ABOUT THIS TASK:
An exact reproduction of the lines below, from the first through the one with "魁拔的画面进步大家有目共睹,确实一部比一", is the whole answer; pictures have no place in it.

_ _ _ _ _

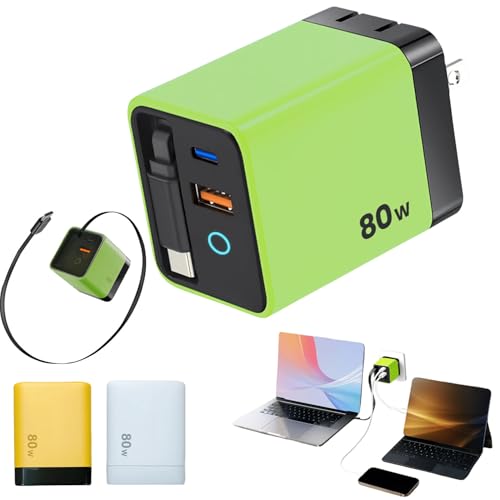 3 in 1 Charger Retractable 80w Max Fast, 2025 Upgraded 3-in-1 Retractable Phone Charger, Scalable 80w Max Fast Charger Module with Type-C Cable and 1 USB Ports for Phone,Tablet,Laptops,Watches (Green)
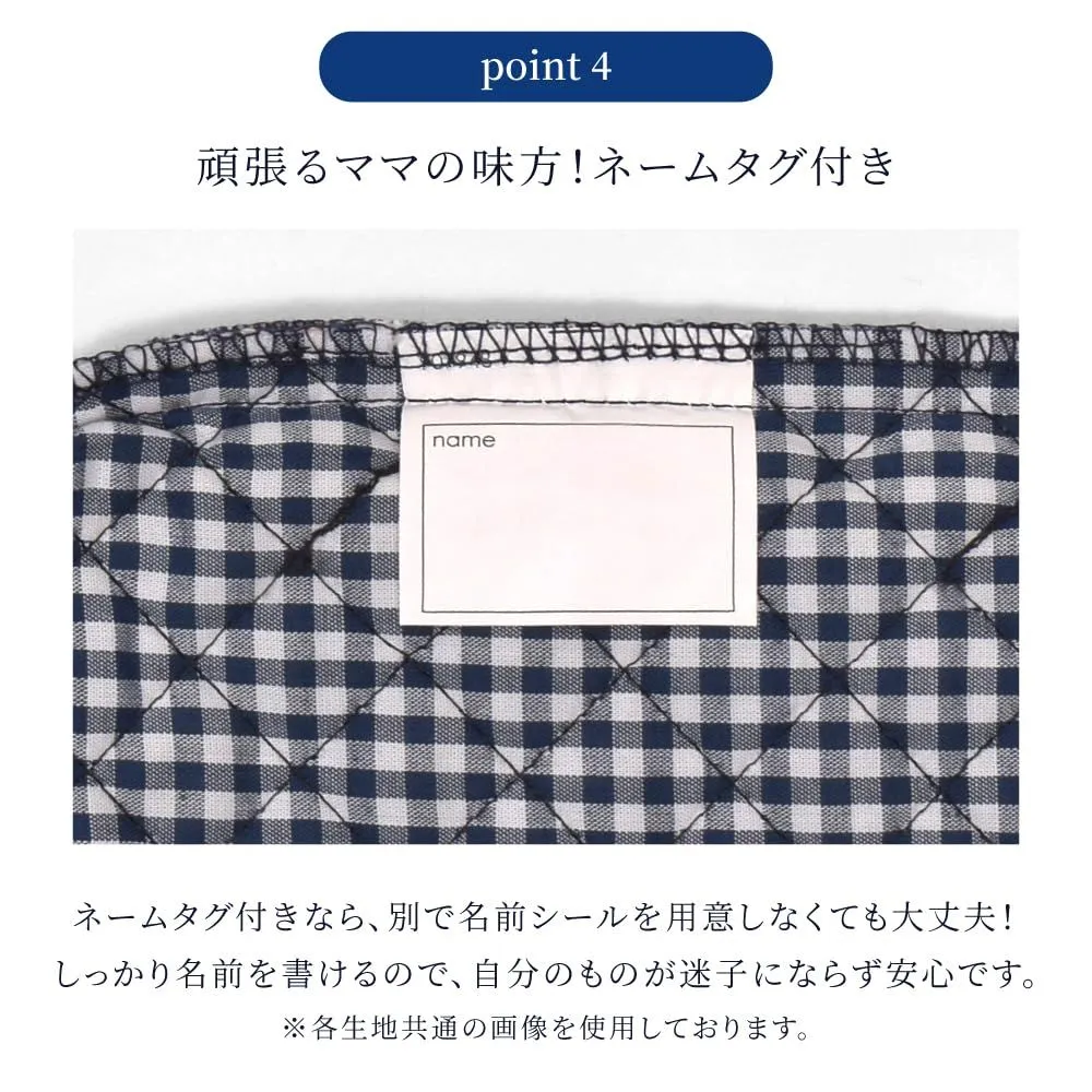 スナップボタン&ネームタグ付き。袋口のスナップボタンを留めることで、中身が飛び出しにくく安心。プライバシーに配慮し、ネームタグは内側に付いております。
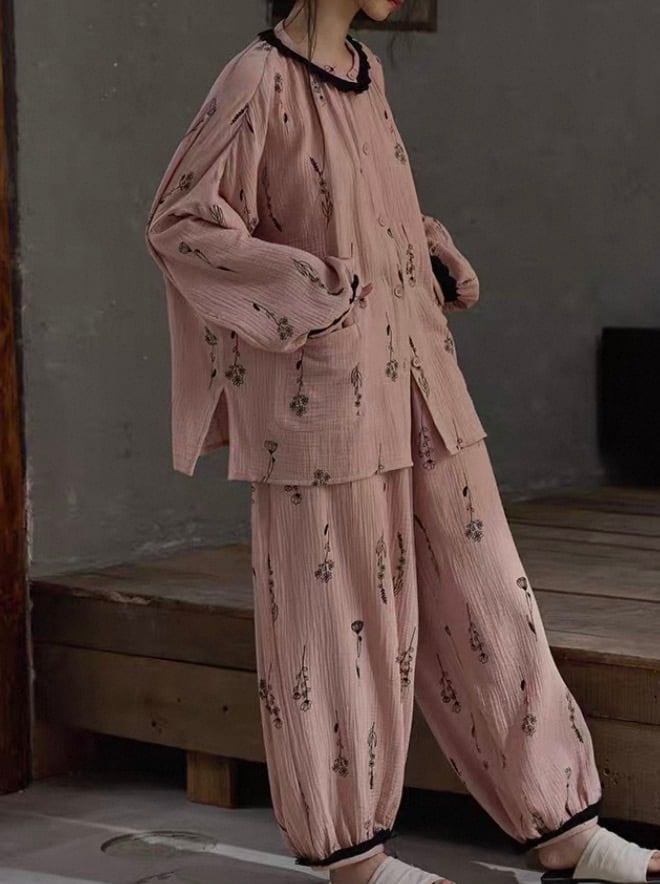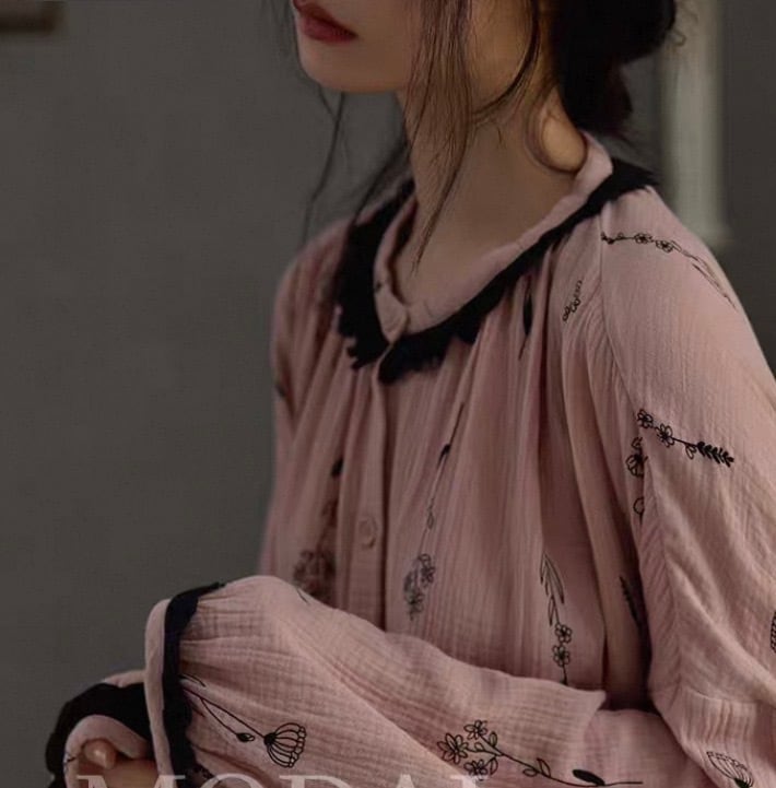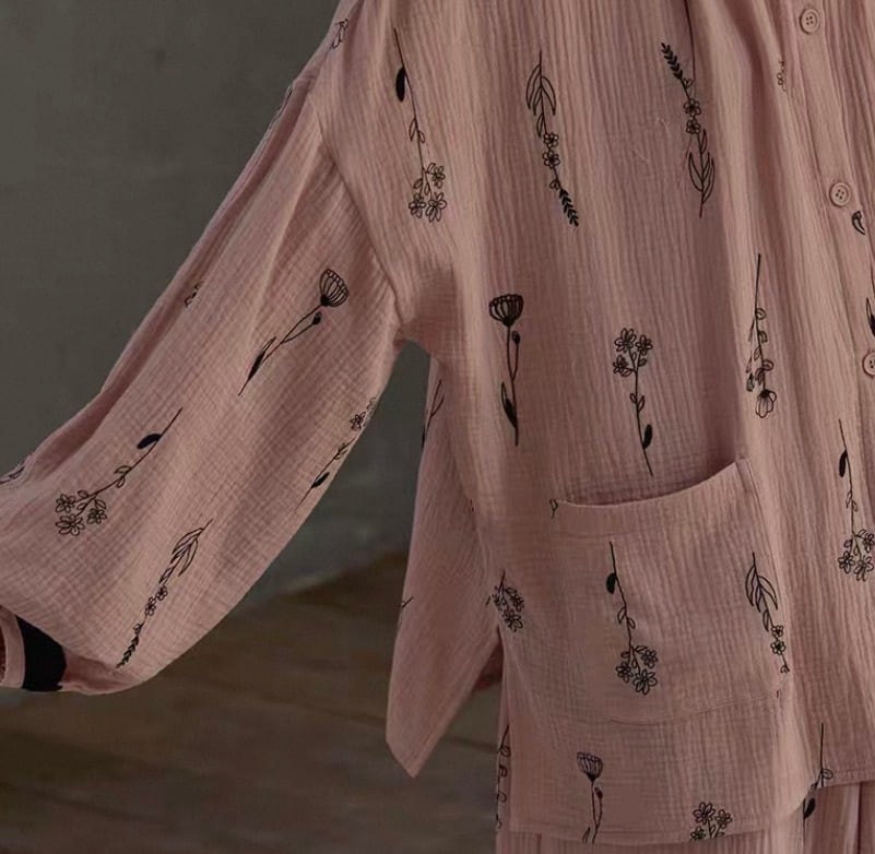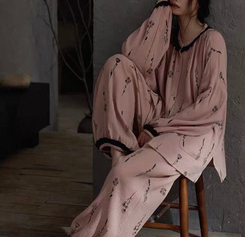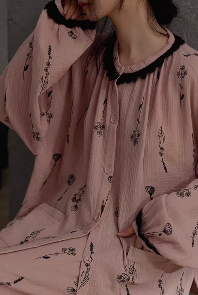 【M-2XL】cotton100 monotone flower pattern cardigan style pajamas p1523
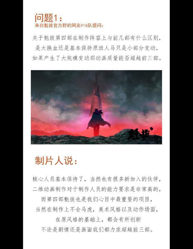 魁拔的画面进步大家有目共睹,确实一部比一部进步。我们知道,魁拔电影系列本计划五部,而现在的第四部《魁拔4之梅零落》原名“最后的魁拔”,这本也就是官方的双关文字。还好,不久前官方发布的消息让人心头一震,两大佬将加入番剧与影视的制作,下面放图。
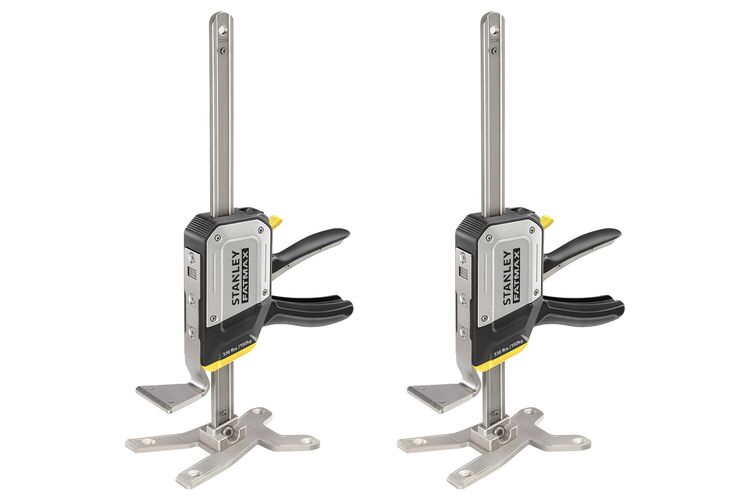 De Stanley FATMAX TradeLift (duopack) is een krachtig montage-hulpmiddel waarmee je zware delen (tot 150 kg) alleen kunt tillen, spreiden, nivelleren én fixeren. De duwhendel kan je met hand of voet bedienen, zodat je druk uitoefent zonder al je kracht in je armen te moeten steken. De ijzeren basisplaat is stabiel en beschikt over vier verzonken bevestigingspunten voor verankering. Dankzij de fijnafstelling daalt de hefplaat nauwkeurig met stapjes van maximaal 2,5 mm, ideaal bij het nivelleren van zware objecten. De robuuste metalen behuizing beschermt de interne mechaniek, terwijl de ergonomische softgrip-handgreep zorgt voor comfort en controle. Met het TradeLift-paar werk je efficiënt aan montageprojecten – van kasten tot deuren – zonder extra hulp.

_ _ _ _ _

TASK ANSWER:
 3 in 1 Charger Retractable 80w Max Fast, 2025 Upgraded 3-in-1 Retractable Phone Charger, Scalable 80w Max Fast Charger Module with Type-C Cable and 1 USB Ports for Phone,Tablet,Laptops,Watches (Green)
 スナップボタン&ネームタグ付き。袋口のスナップボタンを留めることで、中身が飛び出しにくく安心。プライバシーに配慮し、ネームタグは内側に付いております。
 【M-2XL】cotton100 monotone flower pattern cardigan style pajamas p1523
 魁拔的画面进步大家有目共睹,确实一部比一部进步。我们知道,魁拔电影系列本计划五部,而现在的第四部《魁拔4之梅零落》原名“最后的魁拔”,这本也就是官方的双关文字。还好,不久前官方发布的消息让人心头一震,两大佬将加入番剧与影视的制作,下面放图。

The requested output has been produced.